[[ DATA BLOCK open ]]

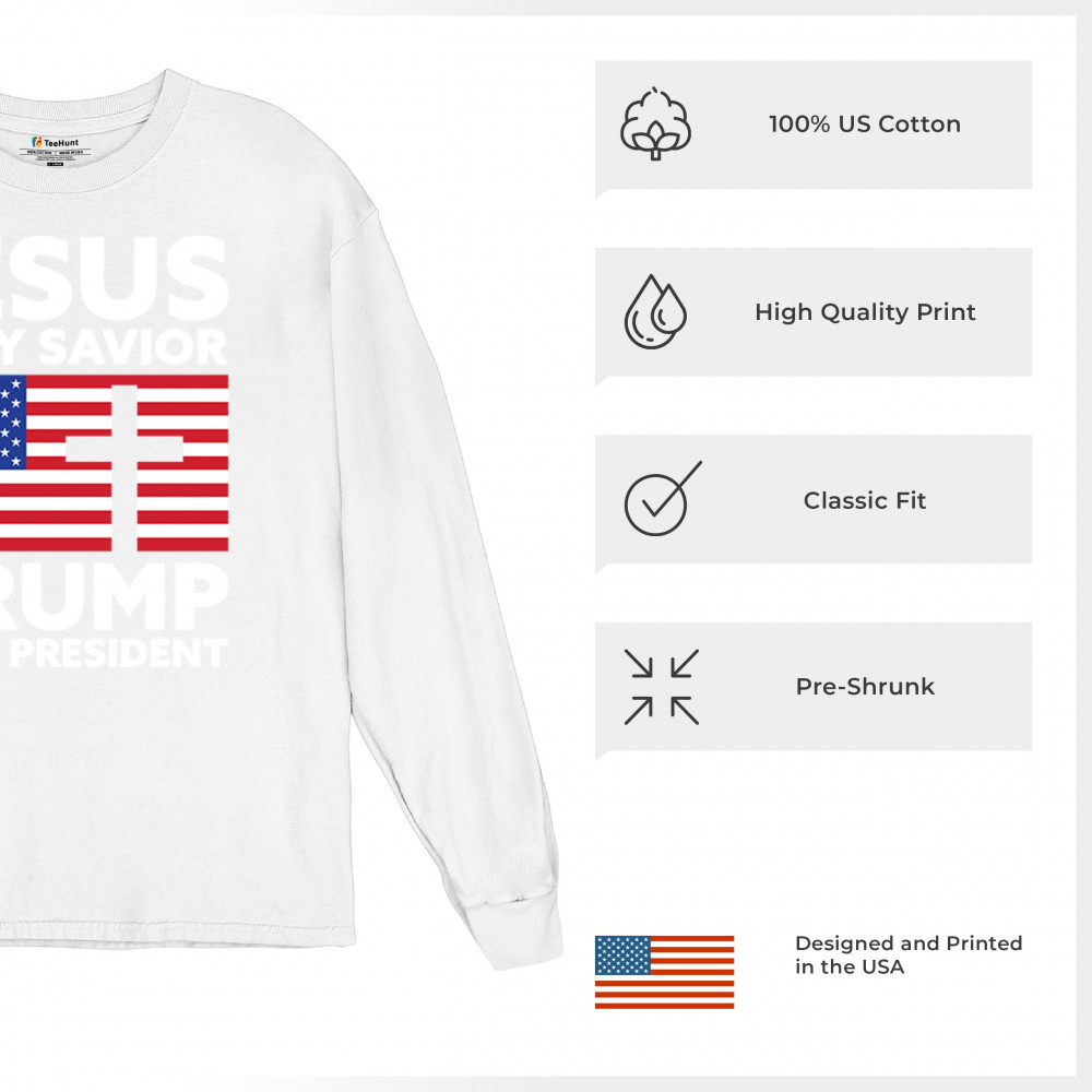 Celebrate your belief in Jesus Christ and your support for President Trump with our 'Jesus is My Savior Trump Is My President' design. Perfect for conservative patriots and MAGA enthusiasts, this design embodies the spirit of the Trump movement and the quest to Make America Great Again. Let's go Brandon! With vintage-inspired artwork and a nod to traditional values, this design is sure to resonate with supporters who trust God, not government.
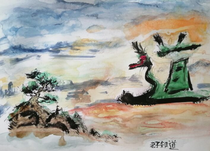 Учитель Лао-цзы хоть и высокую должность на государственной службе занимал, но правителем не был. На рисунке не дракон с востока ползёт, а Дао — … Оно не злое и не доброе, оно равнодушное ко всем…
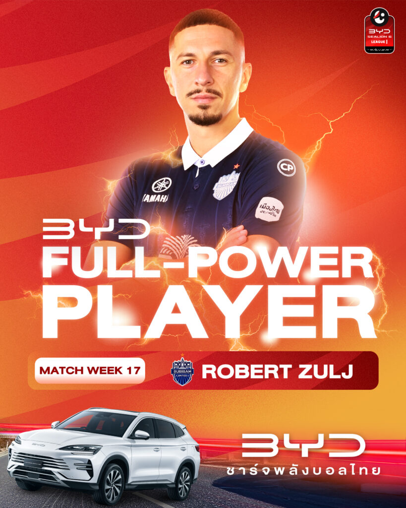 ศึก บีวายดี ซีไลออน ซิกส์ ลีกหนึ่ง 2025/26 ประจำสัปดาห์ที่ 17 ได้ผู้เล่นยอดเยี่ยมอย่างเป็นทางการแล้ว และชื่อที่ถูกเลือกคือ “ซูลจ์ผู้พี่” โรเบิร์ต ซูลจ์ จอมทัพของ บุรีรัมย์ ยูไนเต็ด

[[ DATA BLOCK closed ]]

## WORK REQUEST
From the line containing "Учитель Лао-цзы хоть" to the final line above, both included, transcribe every line exactly and leave all pictures out.

## YOUR RESPONSE
 Учитель Лао-цзы хоть и высокую должность на государственной службе занимал, но правителем не был. На рисунке не дракон с востока ползёт, а Дао — … Оно не злое и не доброе, оно равнодушное ко всем…
 ศึก บีวายดี ซีไลออน ซิกส์ ลีกหนึ่ง 2025/26 ประจำสัปดาห์ที่ 17 ได้ผู้เล่นยอดเยี่ยมอย่างเป็นทางการแล้ว และชื่อที่ถูกเลือกคือ “ซูลจ์ผู้พี่” โรเบิร์ต ซูลจ์ จอมทัพของ บุรีรัมย์ ยูไนเต็ด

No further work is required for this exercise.